§ Exercise goal:
Would you print the listing that follows exactly, but without its pictures?

§ Data section:
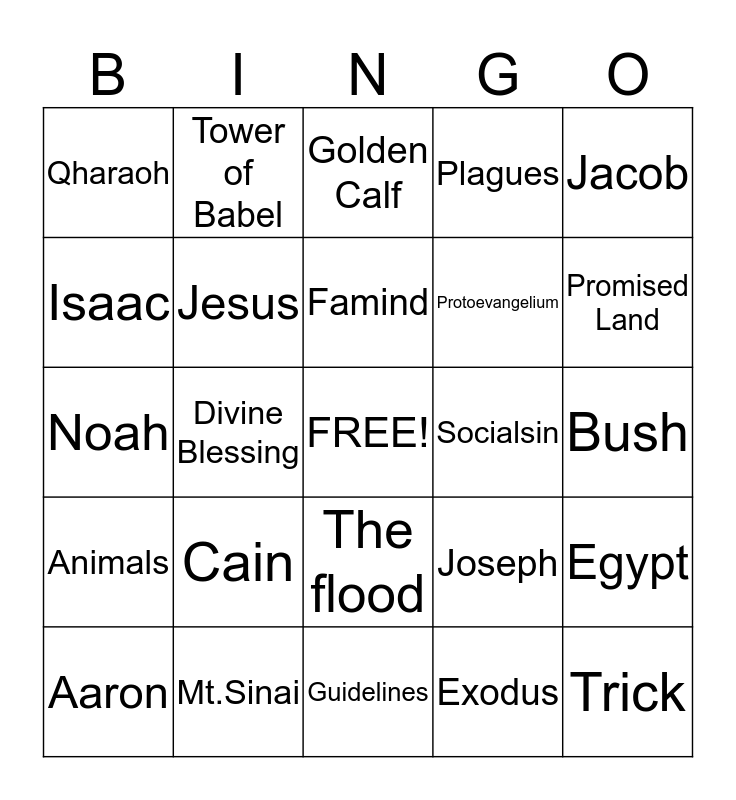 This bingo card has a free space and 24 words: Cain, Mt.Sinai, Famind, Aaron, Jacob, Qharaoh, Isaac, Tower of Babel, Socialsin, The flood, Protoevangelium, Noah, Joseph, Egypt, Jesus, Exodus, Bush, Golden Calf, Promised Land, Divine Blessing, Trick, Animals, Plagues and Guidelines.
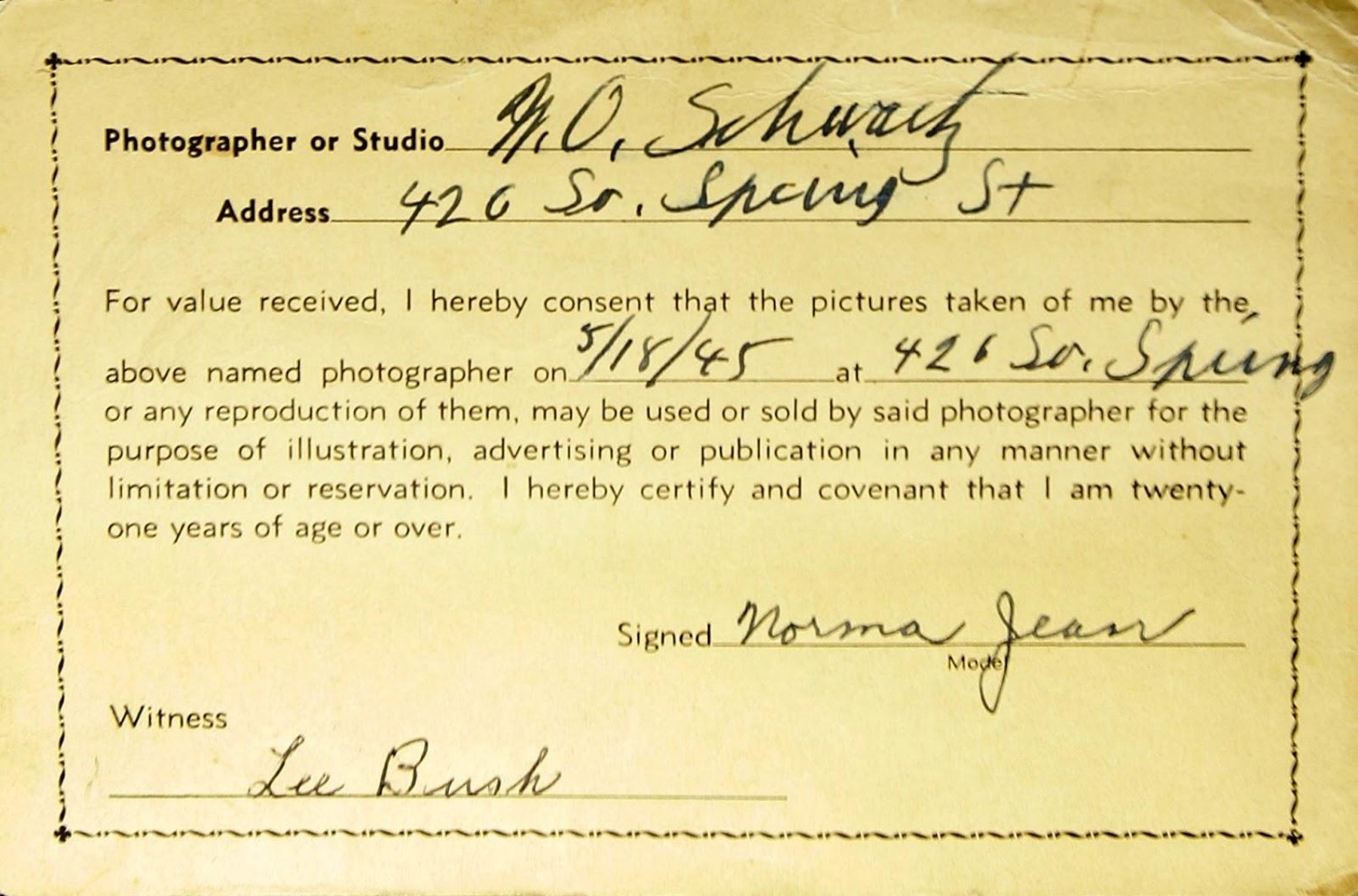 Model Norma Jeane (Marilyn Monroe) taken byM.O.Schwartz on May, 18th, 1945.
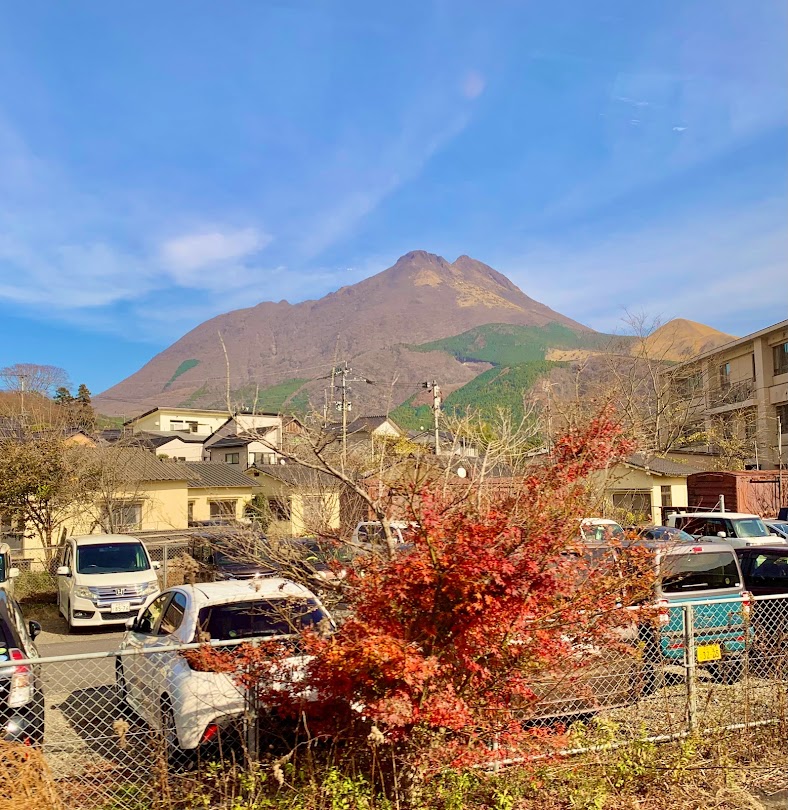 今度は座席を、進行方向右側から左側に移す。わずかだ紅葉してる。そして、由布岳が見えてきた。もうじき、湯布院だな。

§ Response for this exercise:
 This bingo card has a free space and 24 words: Cain, Mt.Sinai, Famind, Aaron, Jacob, Qharaoh, Isaac, Tower of Babel, Socialsin, The flood, Protoevangelium, Noah, Joseph, Egypt, Jesus, Exodus, Bush, Golden Calf, Promised Land, Divine Blessing, Trick, Animals, Plagues and Guidelines.
 Model Norma Jeane (Marilyn Monroe) taken byM.O.Schwartz on May, 18th, 1945.
 今度は座席を、進行方向右側から左側に移す。わずかだ紅葉してる。そして、由布岳が見えてきた。もうじき、湯布院だな。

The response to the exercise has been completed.